View the full scraper.ts
file here on GitHub.
Creating a Custom Seed
When running an Amplication project locally, you must take a few steps, including configuring and seeding your database. We have all the data of our Pokemon, so we'll want to populate that data into the backend. By default, Amplication created an admin user but has a file that allows us to seed our database with whatever information we want. To get started, we need to generate the Prisma client, which the Node.js app uses to communicate with the database. Run the following command.
npm run prisma:generate
Now, open the file scripts/customSeed.ts
in the server
folder. Delete everything in the file and copy in the following.
import { Generation, PrismaClient, Typing } from "@prisma/client";
import pokedex from "../data/pokedex.json";
export async function customSeed() {
const client = new PrismaClient();
client.$disconnect();
}
Seeding Generation & Typing Data
We'll start by seeding the database with all the generation information of our Pokemon. This works by looping through all the Pokemon in the pokedex.json
that the scraper creates, taking the generation field and prefixing it with the text "Generation "
. This will lead to many duplicates, so we'll put it all into a Set to filter out duplicates and then convert it back into an Array. We'll then loop through the de-duped generations and upsert them in our database. We upsert because if the generation already exists, we can update the field and get all the information from our database instead of creating a new one. We want to get the information of the generation from our database in order to map a Pokemon to a generation later on. Copy the following data into the customSeed
function after the client
is initialized and before client.$disconnect()
is called.
// Load Pokemon Generations
const generationsInserted: Generation[] = [];
const generations = Array.from(
new Set(
pokedex.reduce(
(acc: string[], cur) => [...acc, `Generation ${cur.generation}`],
[]
)
)
);
for (const generation of generations) {
const result = await client.generation.upsert({
where: { name: generation },
update: { name: generation },
create: { name: generation },
});
generationsInserted.push(result);
}
Seeding the typing data of our Pokemon follows an almost identical process to the generation data. First, we'll take all the Pokemon and loop over them. We'll take each Pokemon's typings and flatten the data, so all the types of Pokemon are inside of one Array. Then, to de-dupe the typings, we'll pass the Array into a Set and convert it back into an Array. We'll also upsert the typing data, not to introduce duplicate data into the database, and to get the typing data from the database to map each Pokemon to its typing. Copy into the customSeed
function the following code.
// Load Pokemon Typings
const typingsInserted: Typing[] = [];
const typings = Array.from(
new Set(pokedex.reduce((acc: string[], cur) => [...acc, ...cur.typing], []))
);
for (const typing of typings) {
const result = await client.typing.upsert({
where: { name: typing },
update: { name: typing },
create: { name: typing },
});
typingsInserted.push(result);
}
Functions to Get Generations and Typings
With the typing and generation data securely in the database, we also have the necessary data to connect our Pokemon to them. As we upserted both bits of data, we also pushed the results into two different Arrays. To figure out the unique identifiers (UID) for any generation or typing, we'll create two functions that will loop through the data from the database and return the UID of the corresponding generation or type.

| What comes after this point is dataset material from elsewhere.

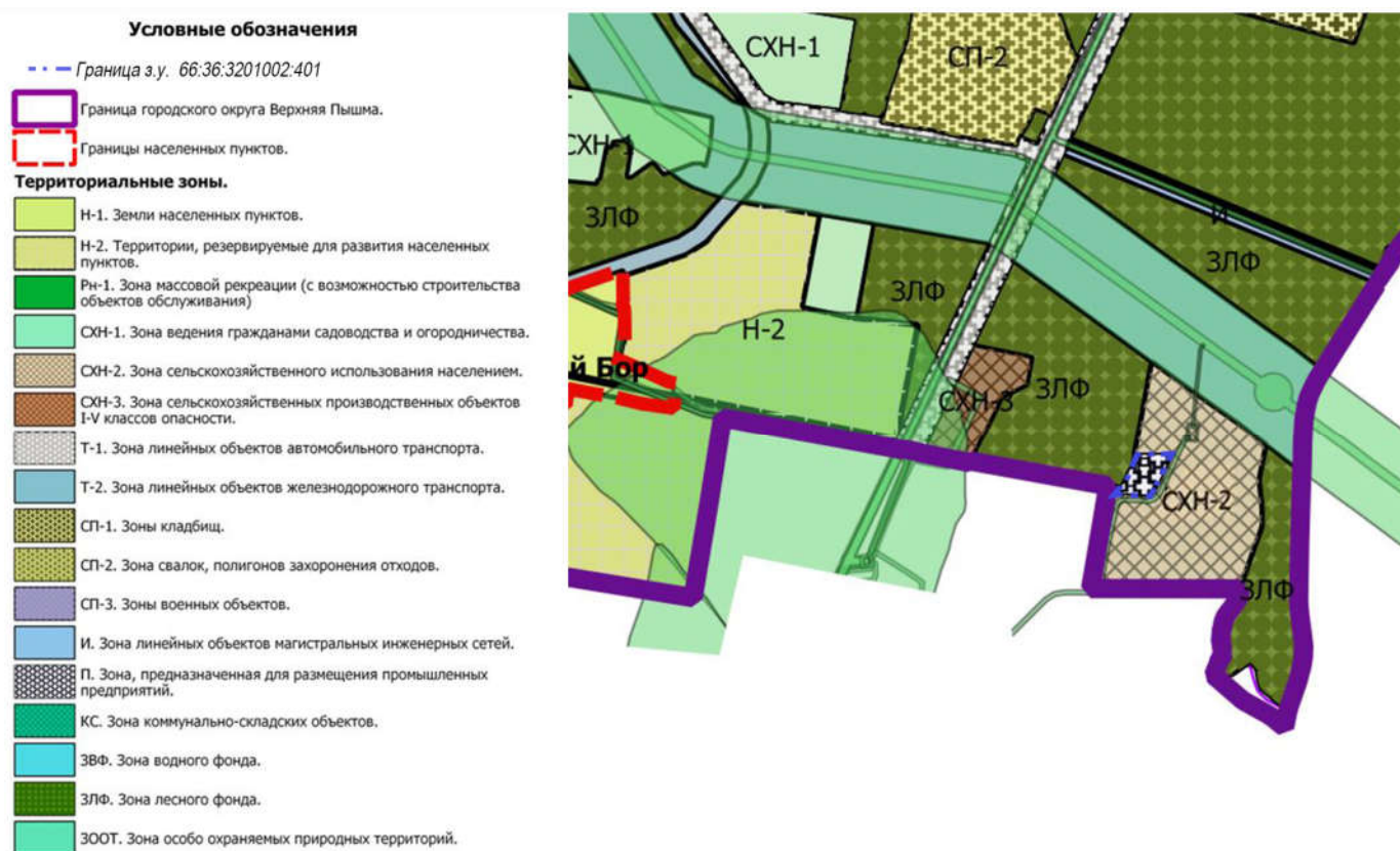
Рисунок 2 - Установленная территориальная зона в границах земельного участка 66:36:3201002:401.

4.1.1. Установить территориальную зону «П» на рассматриваемую территорию в соответствии с фрагментами (Рисунок 2, 2-1) и каталогом координат (Таблица 2).

const getGeneration = (gen: number): string => {
for (const generation of generationsInserted) {
if (generation.name === `Generation ${gen}`) return generation.id;
}
return "";
};
const getTyping = (type: string): string => {
for (const typing of typingsInserted) {
if (typing.name === type) return typing.id;
}
return "";
};
Now, when we add our Pokemon data to the database, we can also link them to the appropriate generation and typings by calling on these two functions.
Seeding Pokemon Data
Everything is in place, and now we must add our Pokemon data to the database. The process is as simple as a for loop, but now would be a good point to explain how we've been using the upsert function for our entities. Copy the code below and then read on for an explanation.

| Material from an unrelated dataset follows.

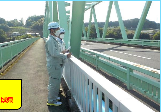
米谷大橋 施設管理者：宮城県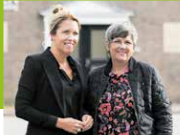
Een licht op herinnering

for (const pokemon of pokedex) {
await client.monster.upsert({
where: { name: pokemon.name },
update: { name: pokemon.name },
create: {
biology: pokemon.biology,
dexNumber: pokemon.dexNumber,
generation: {
connect: {
id: getGeneration(pokemon.generation),
},
},
image: pokemon.image,
name: pokemon.name,
url: pokemon.url,
typing: {
connect: pokemon.typing.map((t: string) => ({
id: getTyping(t),
})),
},
},
});
}
The upsert
method takes in an argument of an object, and the object has three fields; where
, update
, and create
.
The where
property is how we know which object in our Monsters entity to upsert. We don't have the UID of a Pokemon, but we do have its name, which was set to be a unique field when we created the field, as mentioned earlier. So when upserting, we tell Prisma to only upsert a Pokemon with that specific name, and we know there will only be one entry with that name since the name has been marked as unique.
The update
field is only run when the Pokemon declared in the where
field is found. While we hope to seed the database only once, in case this function is rerun, the upsert function allows us to safely execute the code without throwing errors. So, if the Pokemon is found, we'll have to update the data, and to keep things from getting messy, we only reassign the name to the same name.
Finally, there is the create
field. When a Pokemon isn't found with the where
field, we'll want to insert a new Pokemon into the database. While most of the fields of the Pokemon data from the pokedex.json
are mapped to the same name in the create
field's object, the generation
and typing
fields are a bit different. To link typing
to the Typing entity and generation
to the Generation entity, we use connect
to create the relationship between the Monster and Generation or Typing.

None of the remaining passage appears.